As an even better bonus, explicitly checking for the irqfd being active fixes a similar bug to the one the clobbering is trying to prevent: if an irqfd is deactivated, and then its routing is changed, kvm_irq_routing_update() won't invoke kvm_arch_update_irqfd_routing() (because the irqfd isn't in the list).
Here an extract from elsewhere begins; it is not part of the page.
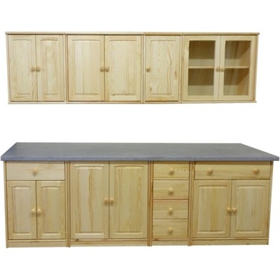 Kuchyňská linka 260cm z masivu borovice Kuchyňský set šíře 260cm je kompletně vyrobený z borovicového dřeva. Dodá vaší kuchyni jedinečný charakter a uschová veškeré nádobí a...

And so if the irqfd is in bypass mode, IRQs will continue to be posted using the old routing information.
As for kvm_arch_irq_bypass_del_producer(), clobbering the routing type results in KVM incorrectly keeping the IRQ in bypass mode, which is especially problematic on AMD as KVM tracks IRQs that are being posted to a vCPU in a list whose lifetime is tied to the irqfd.
Without the help of KASAN to detect use-after-free, the most common sympton on AMD is a NULL pointer deref in amd_iommu_update_ga() due to the memory for irqfd structure being re-allocated and zeroed, resulting in irqfd->irq_bypass_data being NULL when read by avic_update_iommu_vcpu_affinity():
BUG: kernel NULL pointer dereference, address: 0000000000000018 #PF: supervisor read access in kernel mode #PF: error_code(0x0000) - not-present page PGD 40cf2b9067 P4D 40cf2b9067 PUD 408362a067 PMD 0 Oops: Oops: 0000 [#1] SMP
CPU: 6 UID: 0 PID: 40383 Comm: vfio_irq_test Tainted: G U W O 6.19.0-smp--5dddc257e6b2-irqfd #31 NONE Tainted: [U]=USER, [W]=WARN, [O]=OOT_MODULE
Hardware name: Google, Inc. Arcadia_IT_80/Arcadia_IT_80, BIOS 34.78.2-0 09/05/2025 RIP: 0010:amd_iommu_update_ga+0x19/0xe0 Call Trace: <TASK> avic_update_iommu_vcpu_affinity+0x3d/0x90 [kvm_amd]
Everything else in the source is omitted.